Book review: The Overstory

 In Opinion

Trees are the central characters of The Overstory, a novel that celebrates their beauty and diversity and mourns their demise as they fall prey to a relentless assault by humans.

Author Richard Powers tells the interwoven stories of nine men and women, to illustrate the devastation humanity has brought to forests and consequently, the planet. His message is that in our relentless pursuit of economic growth, we have come to a point where our future and that of the planet is threatened.

The first chapter of The Overstory is devoted to the American chestnut, a tree that was wiped out in the early twentieth century when a fungus arrived with ornamental chestnuts imported from Asia. Powers succinctly sums up the blight’s result, “America’s perfect tree, backbone of entire rural economies, the limber, durable redwood of the East… every fourth tree of a forest stretching two hundred million acres from Maine down to the Gulf is doomed.”

Like the mingling of tree roots, the human characters are connected to one another and the stories that Powers tells about their lives are as compelling as those of the trees. That is Power’s main point, trees and humans have so much in common and the tragedy is that as a species we fail to fully appreciate this. 

Powers tells the story of the chestnut’s fate by paring it with a family of Norwegian immigrants who take six chestnut seeds with them as they move west into Iowa at the time of the American civil war. Powers provides a history of both the six seedlings and the immigrant family from the 1860s to the present day. 

Other characters in the story include a wheelchair-bound programming genius, a Vietnam veteran, a psychologist and an artist. These characters and the others highlight the importance of trees in our lives and our failure to fully appreciate them. As one character says, “this is not a world with trees in it. It’s a world of trees, where humans have just arrived.”

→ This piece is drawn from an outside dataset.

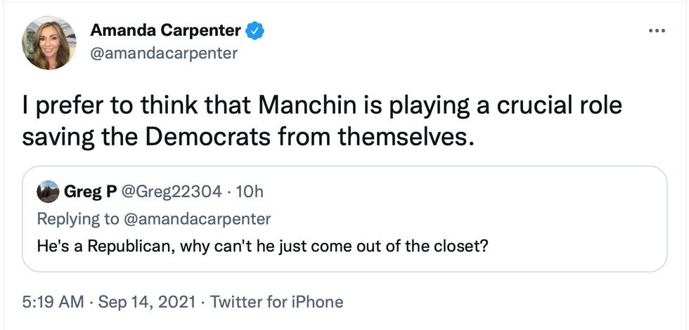When someone on Twitter suggested that Manchin was a closet Republican (I disagree, as only Democrats are chumps about “bipartisanship"), Republican Amanda Carpenter tweeted: “I prefer to think that Manchin is playing a crucial role saving the Democrats from themselves." In reality, Manchin is playing a crucial role saving corporations from the tax rate they endured pre-Trump. (Even former Republican HouseRep. Joe Scarborough called bullshit on corporations crying poverty.) Manchin will also put the brakes on any significant efforts at addressing the climate crisis, even as New York rapidly becomes New Atlantis.

Instead of viewing forests in purely economic terms we should see them as rich resources that have the ability to protect the planet from ecological disaster.   This is summed up by Patricia, the tree expert, who is preparing notes for a conference on global warming, “She would tell them about a simple machine needing no fuel and little maintenance that sequesters carbon, cools the ground, scrubs the air and scales easily to any size. A tech that copies itself and even drops food for free.”

The Overstory is a powerful, well-told story with a sobering message. One favourite take-away, “When you cut down a tree, what you make from it should be at least as miraculous as what you cut down.” Another is that the best time to plant a tree is 20 years ago. The second best time is today. Read this novel and you will want to get planting.